Join me tonight during the grand finale episode of Modern Family, aka the #GreatDiscordantConvergenceCatharsis2020.
My smile is so big as I write this. While watching this short film, at minute 4:54 I saw for myself the growth of our society in the skillful portrayal of a parent getting a shock, sucking it up, and instantly choosing loving support. Yes, we slip a lot and yes, we have citizens howling and screaming to drag us back in time, but in the land of lawn mowers, oleanders, and teen dances we’ve come so far. Every single actor in this 8 minute production gave their absolute all to the project, every character springs to life fully 3-dimensional. And wow, do they tell a brilliant short story.
Go back up and watch it for yourself. It takes half the time of a coffee break. I’ll wait.
Told you so. Listen, spring dances start in a matter of weeks so please pass this wonderful short film around and help people see a story about the love and support our youngsters deserve from us.
I’ve got sympathy for teenagers, their hormones jump around, adulthood looms large, and they reject and demand responsibility for themselves simultaneously. They stew in an odd mix of fear, courage, paranoia, assumptions, growing self-awareness, dreams, options, and most of all worry. Their emotions are as raw and real now as yours were at that age.

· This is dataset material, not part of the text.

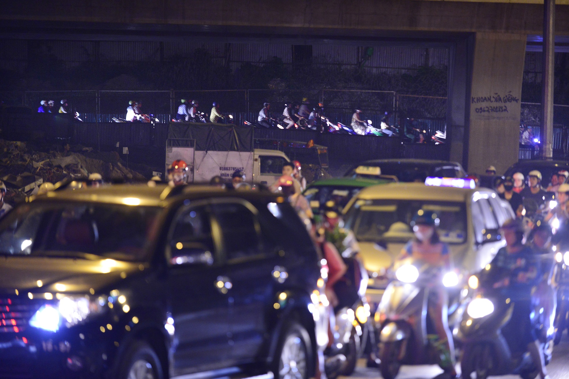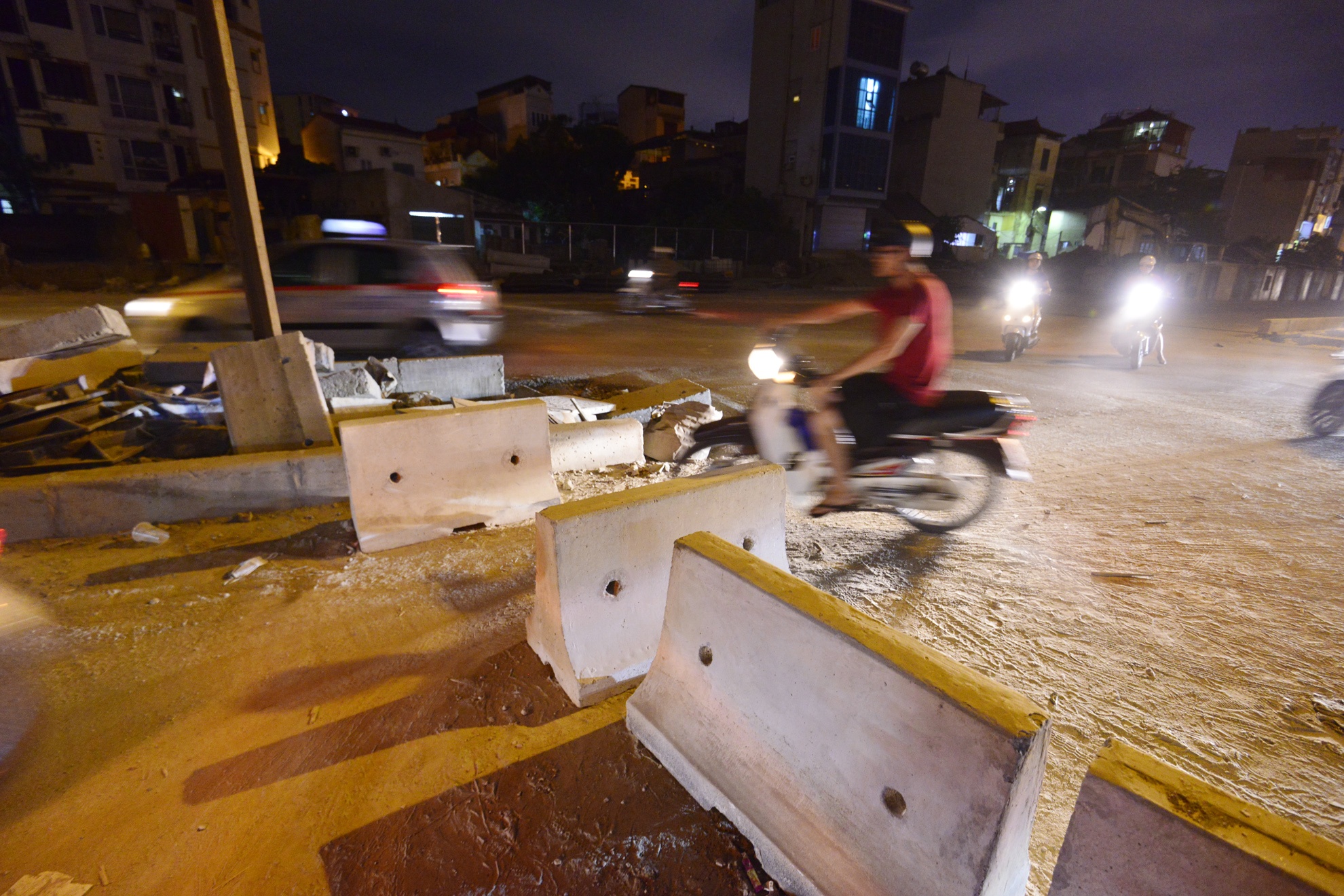 Các phương tiện sau khi đi từ Bưởi và Hoàng Quốc Việt vào con đường này thành nhiều luồng giao thông, thậm chí dỡ cả khối bê tông để mở đường đi lại cho tiện.

We store memories as reminders of who we were once and sudden strong memories pop up in everyone’s mind once in a while. They swoop into your brain, peck at your ego, knock you down to size, and leave behind the same emotions you recorded in that moment. Remember? Of course you do. We all grow through adolescence and awkward young adulthood. You’re a survivor.
Prom night will be a night your teen will NEVER forget and you, their folks, will play significant roles in their lifelong recurring memory. Ask yourself, ‘How do I want my youngster to remember me long after I’m gone?’
When I was a kid (maybe 9 or 10 years old) my dad bought one of the first Polaroid cameras, the kind where you rubbed the ejected square with chemicals to get the picture to appear. He was having a wonderful time with his new toy and on Easter Sunday, since we were all dressed up for church, he sat each of his five children one at a time in a straight-back armchair to take our portrait.
We started from the oldest to the youngest because Mom was still getting the youngest ones ready to go. When it finally came to the baby’s turn, she was all decked out in a fancy dress (she was 2 or 3) with gloves, hat, and fancy white patent leather shoes. Everyone gushed over how cute she looked, so she was excited to have her photo taken.
While waiting, she’d somehow gotten a thumbtack stuck in the sole of her shoe. When Dad perched her up on the chair, her little legs stuck straight out and everyone watching (i.e. Dad, Mom, and her four older siblings) all shouted, “A tack!” and lunged for her foot.
The baby, terrified by having her entire family shout, “Attack!” and race toward her, burst into tears. Poor little thing…we probably scarred her for life.